--- Information provided ---

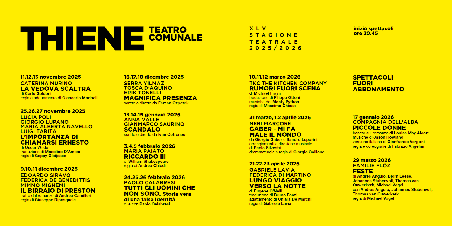 La XLV Stagione Teatrale 2025/2026 del Teatro Comunale di Thiene, organizzata dall'Ufficio Cultura del Comune di Thiene.
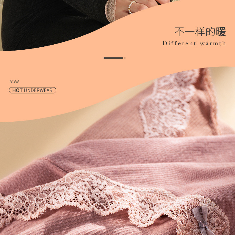 ChuMoo保暖内衣+塑形美体二合一,羊毛+德绒双倍发热,修身显瘦,蕾丝复古,性感优雅保暖内衣套装
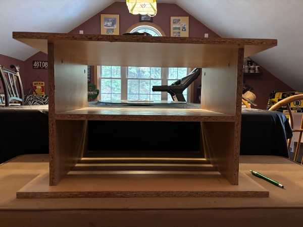 Shelf unit with two shelves.  Unit dimensions: 2'1" length x 1'6" width x 1'4" height
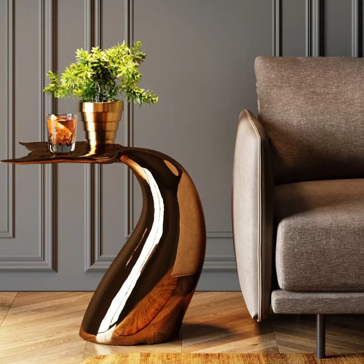 - Goldener Beistelltisch Aus Poliertem Metall

---

# What you are asked to do
Please write out the lines above exactly, from the one that contains "Shelf unit with" through the final line, and include none of the pictures.

# Solution for this problem
 Shelf unit with two shelves.  Unit dimensions: 2'1" length x 1'6" width x 1'4" height
 - Goldener Beistelltisch Aus Poliertem Metall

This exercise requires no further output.